2000; Wiley; Volume: 27; Issue: 10 Linguagem: Inglês

10.1046/j.1440-1681.2000.03333.x

1440-1681

SangAe Kim‐Park, David D. Ku,

Electron Spin Resonance Studies

SUMMARY 1. The aims of the present study were to determine the characteristics of garlic extract‐induced relaxation in rat isolated pulmonary arteries, its susceptibility to changes in oxygen tension and its protective effect against hypoxic pulmonary vasoconstriction. 2. In normoxia, garlic extract (3–500 μg/mL) produced a dose‐ and nitric oxide (NO)‐dependent relaxation.
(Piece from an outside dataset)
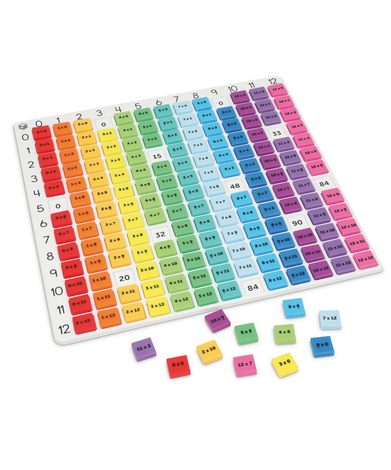The classic multiplication chart—now in fresh, new colors and made for busy hands! Kids can practice their facts from 0x0 to 12x12 with tiles color-coded within each column for easy tracking and customization. The included storage bag makes organization simple and provides opportunities for on-the-go math fun. Age 7+ | Grade 2+
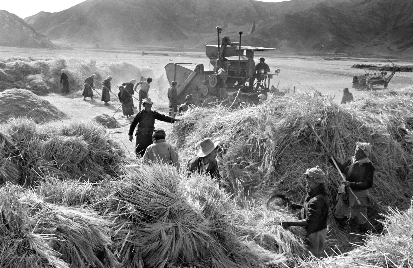 1965年,西藏国营澎波农场的藏族工人在使用农机脱粒。新华社记者 吴祖政 摄

Following 60 min hypoxia, maximum garlic relaxation was reduced compared with control (mean (±SEM) –86±3 vs –69±2% of phenylephrine (PE) precontraction, respectively), but recovered after 60 min reoxygenation (–85±3% PE precontraction). 3. Acetylcholine (0.1 μmol/L)‐induced NO‐dependent relaxation was reduced from a control value of –76±1% to –46±4% during hypoxia and was further reduced to –35±2% after reoxygenation. 4. In endothelium‐intact arteries, hypoxic exposure resulted in a triphasic response: early transient contraction (+24±4%), followed by transient relaxation (–37±7%) and then sustained contraction (+62±5%). 5. Pretreatment with N G ‐nitro‐ L ‐arginine methyl ester abolished the early transient contraction, moderately attenuated the sustained contraction and had no effect on the transient relaxation. Mechanical endothelial disruption inhibited all hypoxia‐induced vascular changes. 6. Garlic pretreatment had no effect on the early transient contraction (+25±4%), but inhibited the transient relaxation (–5±3%; P < 0.05) and the sustained contraction (+26±5%; P < 0.05). 7. Garlic also significantly inhibited endothelin‐1‐induced contractions in a dose‐dependent manner. 8. These findings show that garlic extract modulates the production and function of both endothelium‐derived relaxing and constricting factors and this may contribute to its protective effect against hypoxic pulmonary vasoconstriction.